Témoignage de Françoise Guimbert, qui a été nénène à Saint-Benoît dans les années 1950 : « Je suis devenue nénène par la force des choses, étant orpheline, je n’avais pas d’autre choix que de trouver un métier. À ce moment-là les familles de gendarmes s’installaient dans la commune. J’ai été embauchée par une famille pour aider l’épouse qui avait de jeunes enfants. Ce contact m’a beaucoup apporté parce que l’échange avec la famille se faisait en se basant sur la confiance mutuelle. Je n’étais pas la seule à travailler dans ce cadre. Il y avait plusieurs familles de gendarmes qui employaient du personnel. Nous étions assez nombreux et nous nous présentions le matin tôt pour démarrer notre journée de travail. J’ai été aussi la nénène «grande sœur», où il a fallu que je m’occupe des plus jeunes de ma famille. Encore aujourd’hui, les jeunes que j’ai élevés continuent à m’appeler « nénène » et c’est une fierté pour moi de penser que j’ai pu contribuer à leur éducation, leur développement. » 40
Le mot créole nénène, renvoi également, à la Réunion, au statut de la grande soeur. Dans les années 50, on commence à travailler dès le plus jeune âge. Tandis que les garçons accompagnent leur père dans les travaux agricoles, la fille aînée, quant à elle, assiste la mère, cantonnées au foyer. La passation de mémoire et l’éducation, dans les familles moins aisées, est alors faite par ces grandes soeurs, mais aussi les mères, les grands-mères et les matantes41 .
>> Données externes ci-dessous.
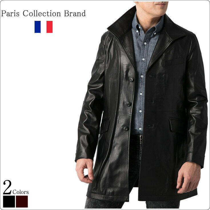 Paris Collection Brand 本革 ステンカラーコート 通勤コート メンズ パリコレクションブランド 6017 レザーコート レザージャケット 本革コート 革ジャン 本革ジャケット 本皮ジャンパー ブルゾン トレンチコート チェスターコート ロングコート ハーフコート 防寒アウター

Et comme si cette transmission intergénérationelle n’était pas suffisante, pas assez noble, au rôle de l’école, se soustrait alors la nénène d’hier et d’aujourd’hui.
39 Entretien de Christian Jalma, filmé le 24 Janvier 2020, sur une invitation de Julie Crenn et de Pascal Lièvre, dans le cadre de l’exposition HERstory au Frac Réunion (Piton Saint-Leu, du 16 au 23 novembre 2019). 40 Témoignage tiré de Dann tan nénène - mère noire, enfant blanc, Loran Hoarau et Kamboo, ed. Maison Carrère. 41 Matante : Tante, tatie.